Crash between Earth and forming planet gave birth to Moon: Research


Crash between Earth and forming planet gave birth to Moon: Research

It is not something new, scientists had already been aware about this high-speed crash, which occurred nearly 4.5 billion years ago, but many thought the Earth collided with Theia at an angle of 45 degrees or more. However, the new study found evidence that suggests a head-on collision, according to the website Space.

According to the researchers, seven rocks brought back from the moon during the Apollo missions were compared with volcanic Earth mantle rocks - and by measuring the count of oxygen isotopes found in the studied material, the UCLA team found matches between the specimens.

Professor Young's research, which employed state-of-the-art technology and techniques, disproved that.

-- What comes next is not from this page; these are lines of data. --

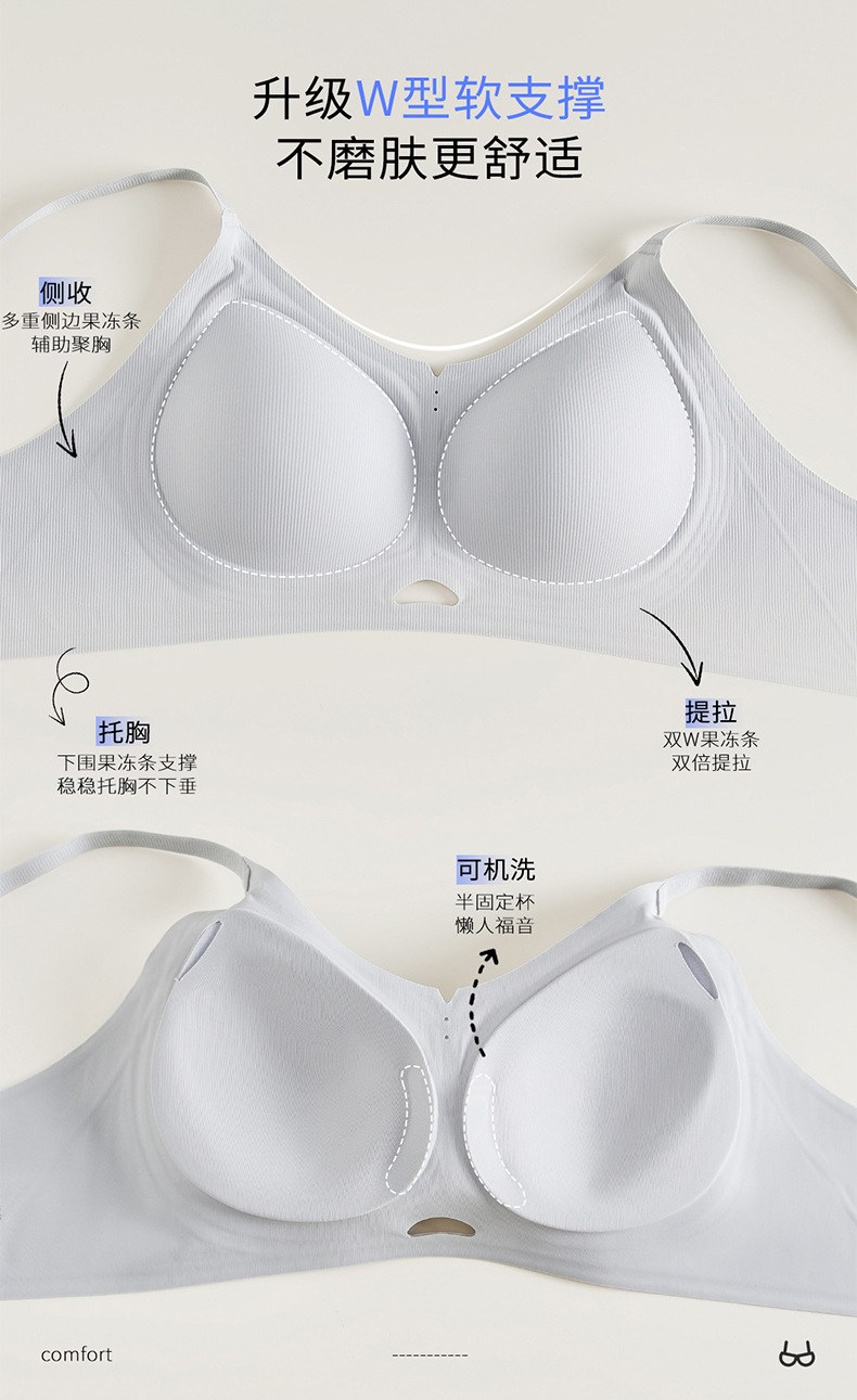 Verano hilo suave soporte ropa interior damas respirante sin marcas recopilación sujetador anti-caída soporte no correr taza sujetador delgado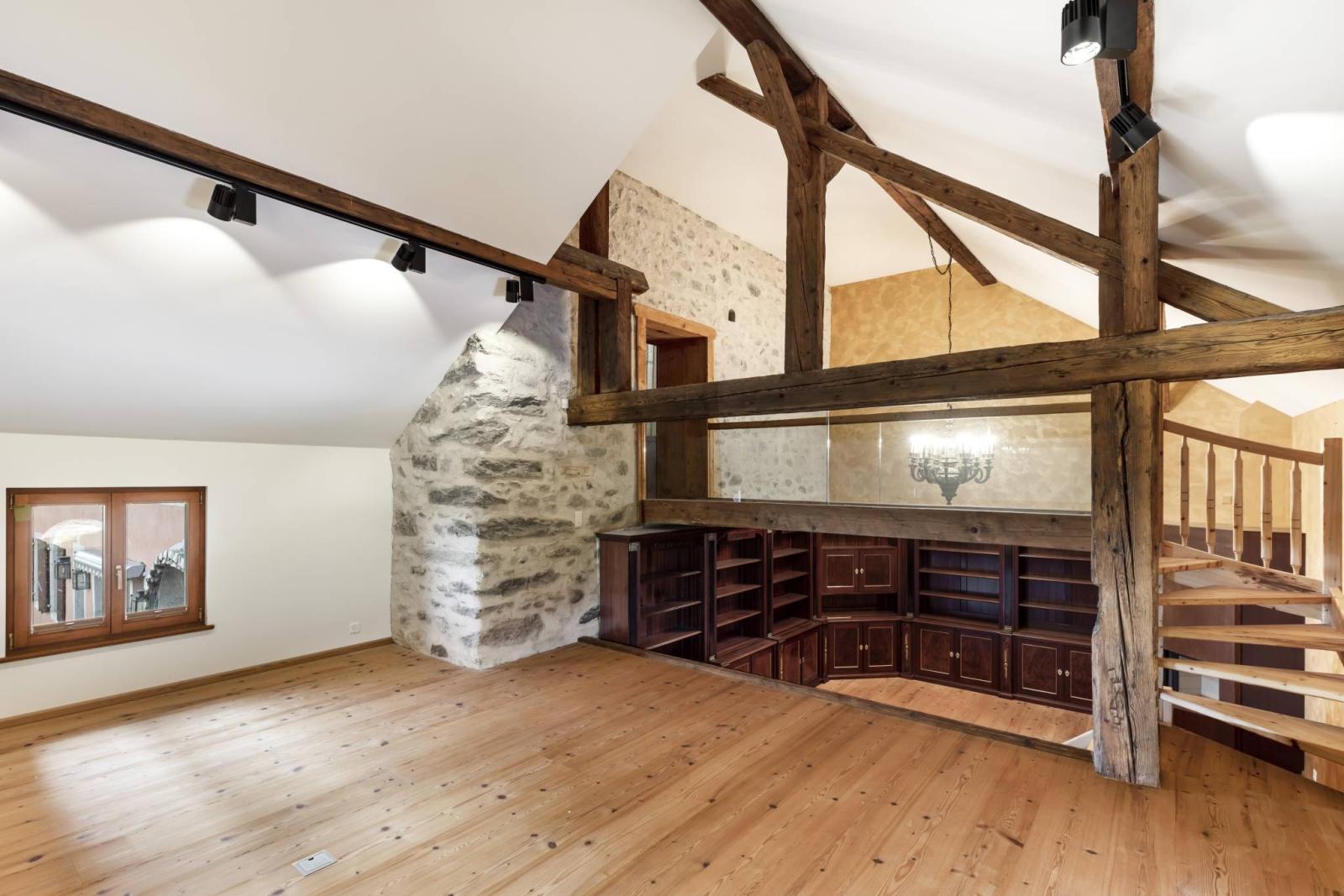 Ces combles pourraient permettre la création de surfaces supplémentaires, telles qu’un espace indépendant, un étage privé d’exception ou encore, sous réserve des autorisations usuelles, l’aménagement de deux à trois appartements distincts, ouvrant la voie à un investissement immobilier particulièrement intéressant.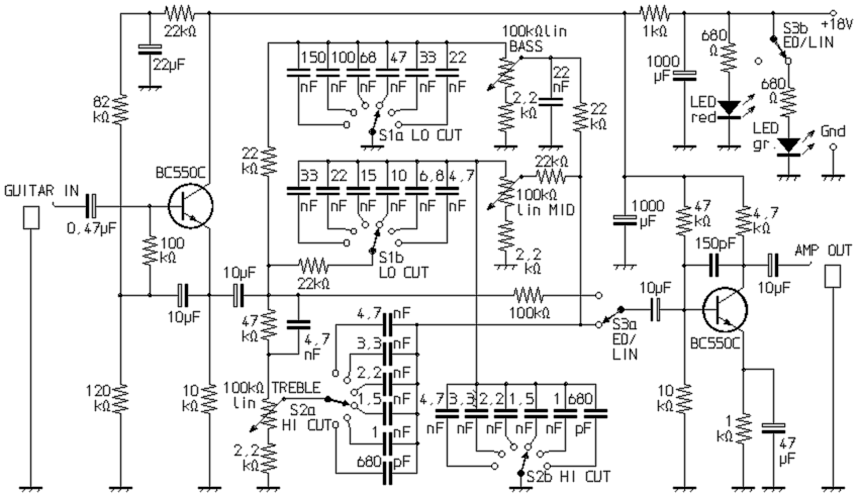 Dieser Dreiband-Klangregler ist für elektrische Musikinstrumente, insbesondere für E-Gitarren gedacht. Da sich kein exakt linearer Frequenzgang einstellen lässt, ist die Schaltung nicht für Hifi-Anwendungen geeignet. Dafür lässt sich der Klang anpassen, wenn eine Gitarre an eine nicht speziell für Gitarren gedachte Anlage angeschlossen wird. Durch umschaltbare Übergangsfrequenzen bestehen vielfältige Anpassungsmöglichkeiten des Klangbildes. Durch die Eingangsschaltung mit Bootstrap-Rückkopplung wird eine hohe, mit Röhrenschaltungen vergleichbare Eingangsimpedanz erzielt (über 1MΩ).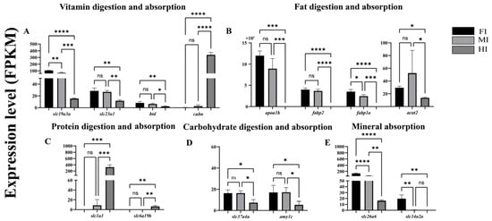 Differentially expressed genes (DEGs) associated with the digestion and absorption of sugars, proteins, fats, and inorganic salts in different intestinal segments of S. dumerili are presented (log2 (fold change, FC) > 1 and false discovery rate, FDR ≤ 0.05). The data are derived from fragments per kilobase of transcript per million mapped reads (FPKM) values obtained through RNA sequencing (RNA-—seq) analysis. (A): Genes associated with vitamin digestion and absorption; (B): Genes associated with fat digestion and absorption; (C): Genes associated with protein digestion and absorption; (D): Genes associated with carbohydrate digestion and absorption; (E): Genes associated with mineral absorption. *, p ≤ 0.05; **, p ≤ 0.01; ***, p ≤ 0.001,****, p ≤ 0.0001; ns, p ≥ 0.05.

"We do not notice any distinction between your Planetis and also the oxygen isotopes in the moon; they truly are not distinguishable", said Edward Young, a UCLA teacher of cosmochemistry and geochemistry along with cause writer. The overwhelming majority of Earth's oxygen is referred to as O-16 oxygen, because every atom contains eight protons and eight neutrons, but there are trace amounts of heavier oxygen isotopes. Mars and other planetary bodies each have a different ratio, making it a unique marker.

The findings contradict a 2014 German study that the lunar rocks would have a unique ratio of oxygen isotopes, different from those on Earth.

Astronomers had previously theorized about such a catastrophic event but the new research from the studied rocks showcase that the moon and Earth have similar chemical signatures that differentiate them from other heavenly bodies.

Edward Young and his team at the University of California said the orthodox belief on the origins of Earth and the Moon - that a smaller planet, Theia, grazed the Earth and send a chunk into Earth's orbit - was false.

When Earth and Theia crashed into Each other, did the early Earth lose any water it might have had? Most of the scientists believe that the proto-planet Theia was approximately the same size as the Earth.

Had Theia survived the impact, it probably would have become a planet similar in size to either Mars or the Earth, the researchers said. Some of these asteroids may have been rich in water, Prof. Sarah T. Stewart, who teaches at UCDavis' Earth and Planetary Sciences faculty, initially proposed the head-on collision in 2012. Science. 29 Jan 2016: Vol. 351, Issue 6272, pp. 493-496. After this latest study (described above), scientists believe it was a head-on collision.